# apache connection refused

## ferris5

Hi People,

I emerged cacti for graphing traffic en stuff.

After emerge it told me to open my browser and type my hostname and cacti as dir.

So i typed in http://localhost/cacti/ and get "connection refused"

So i typed http://localhost/ again connection refused.

Looked in the forum for anyane with the same problem, but only in french and that is not my cup of thea.

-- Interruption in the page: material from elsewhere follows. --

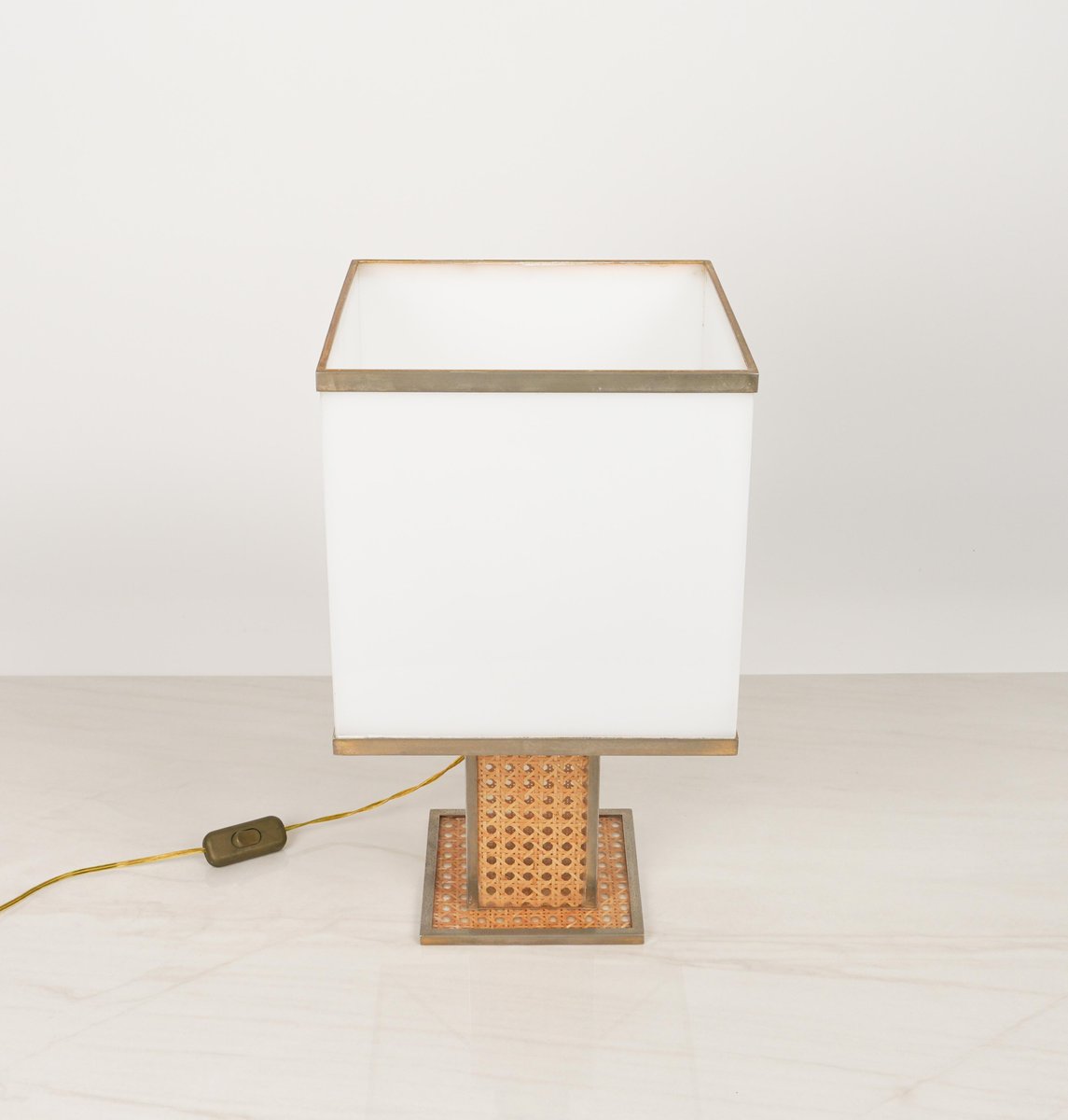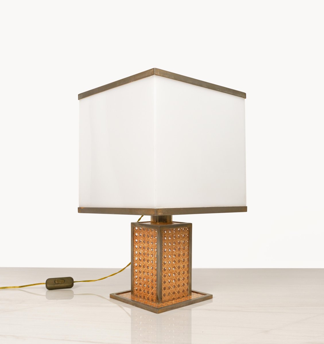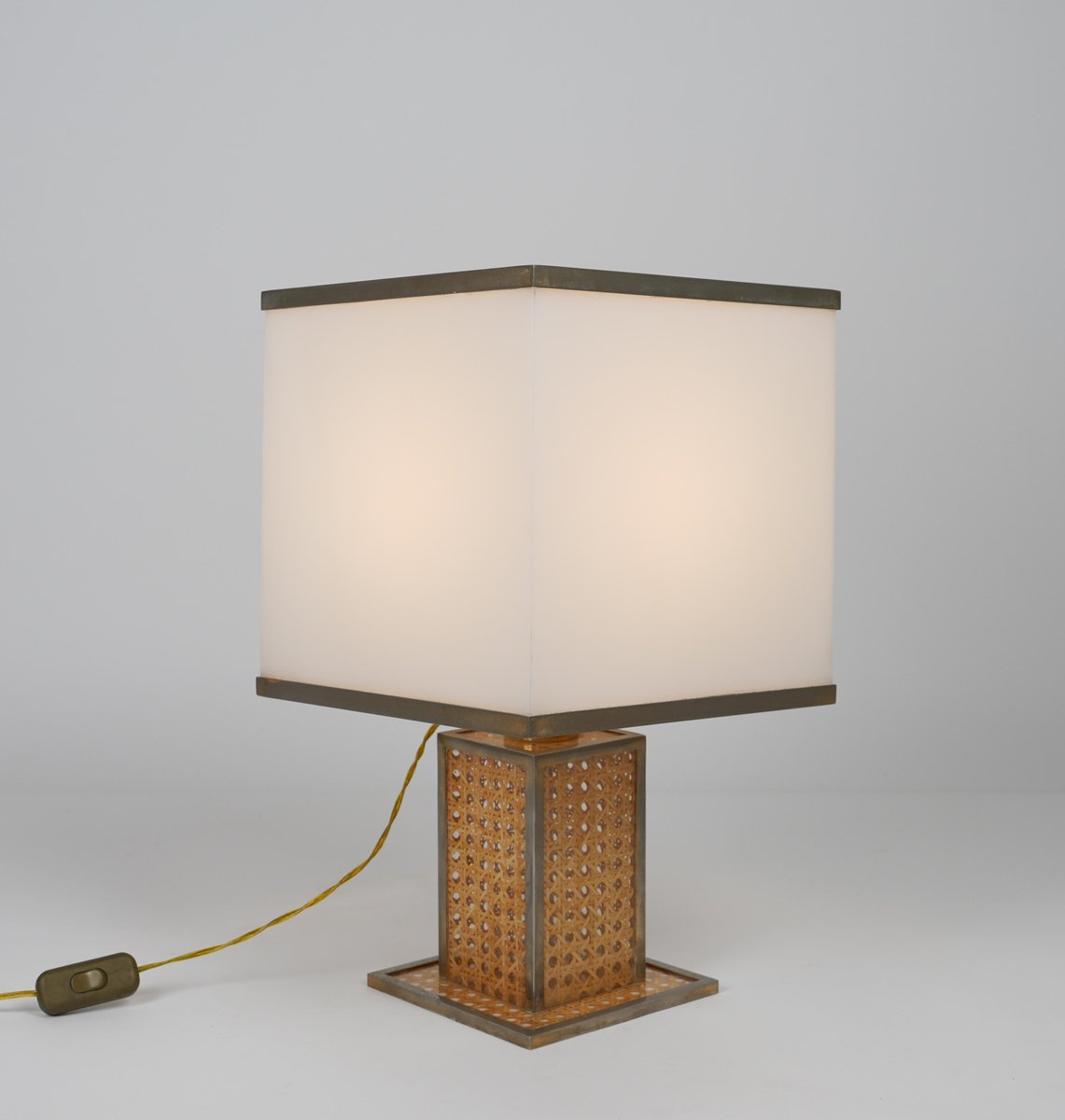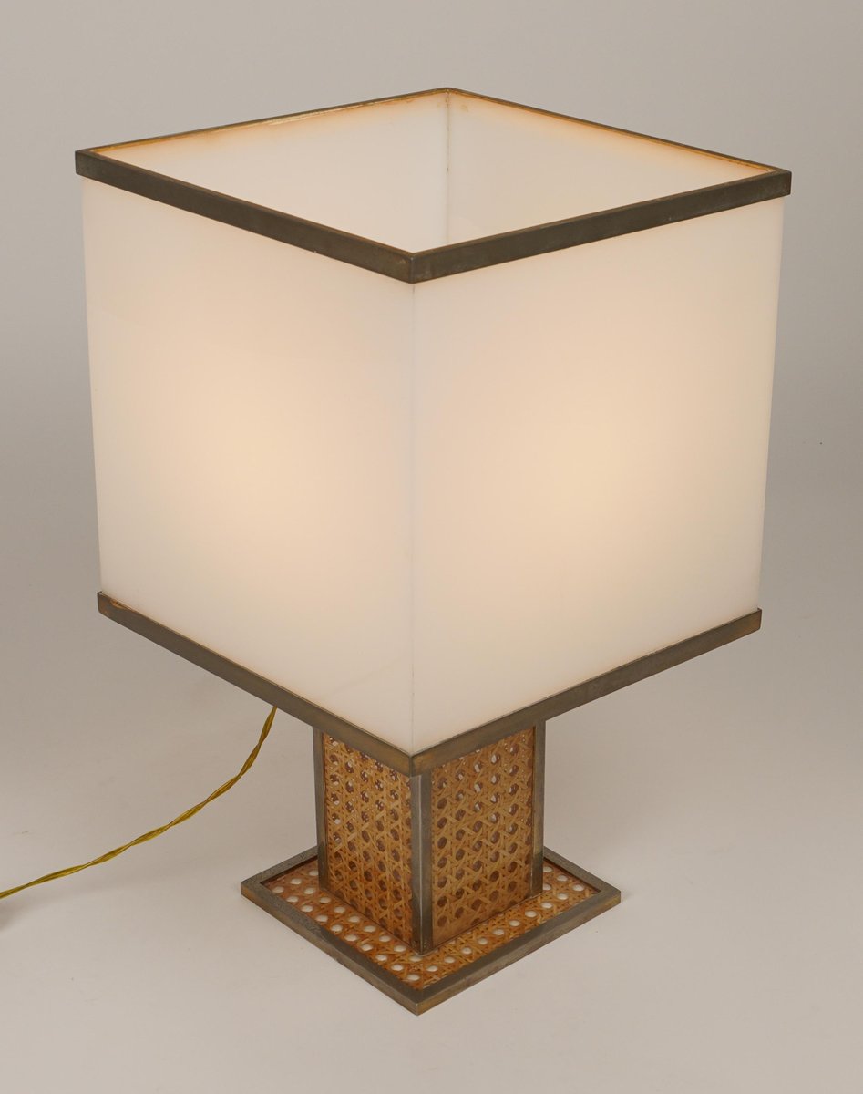 Lampe de Bureau en Verre Acrylique, Rotin et Laiton par Christian Dior, Italie, 1970s
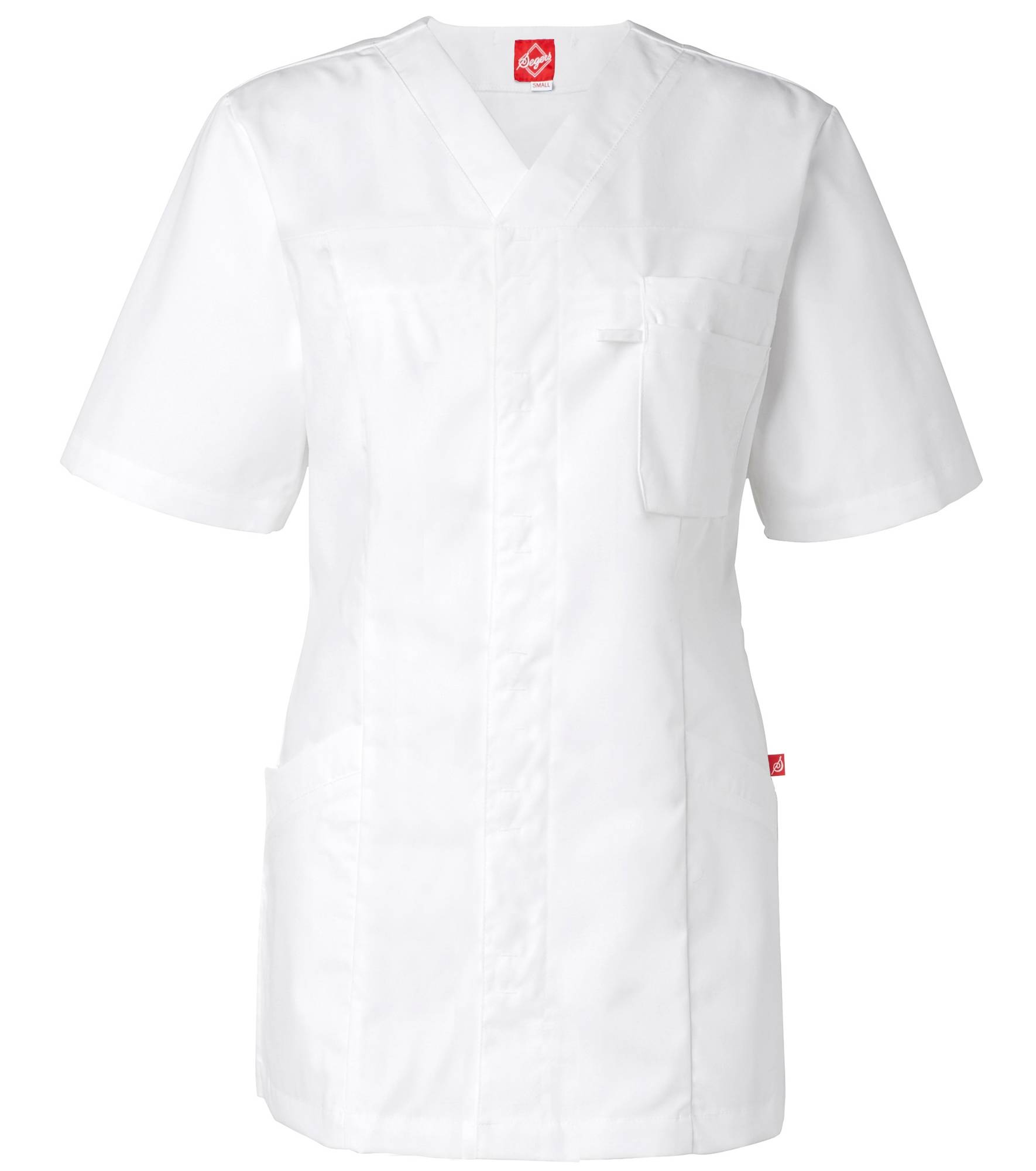 Istuva naisten takki sopii loistavasti hoitoalan ammattilaisille. Paljon taskuja, nappikiinnitys, 50/50% puuvilla/polyesteri. Pesu 85°.

Can anyone help me with this?

cheers

Ferris

----------

## gnuageux

Did you start httpd via init.d?

----------

## ferris5

there is no httpd in de /etc/init.d/ ???

what now? emerge httpd?

----------

## gnuageux

Nah dont do that, hang on one second. The title of your post indicates that your using apache to serve webpages. The package you emerged is cacti? Which is a gui to map bandwidth utilization right? I dont know wether cacti works as a stand alone service, or whether it needs to work in conjunction with apache. (I'd imagine the later, but I could be wrong) Let me check into it really quick...........

----------

## gnuageux

What happens if you try to spawn cacti from bash, then browse to localhost?

----------

## ferris5

spawn?

How do i do that?

----------

## gnuageux

Type the command in from a bash shell, (just type cacti, if that doesnt work try typing cac then hitting tab to see what completes) then try to browse to localhost.

----------

## ferris5

nothing it does not know the command spawn.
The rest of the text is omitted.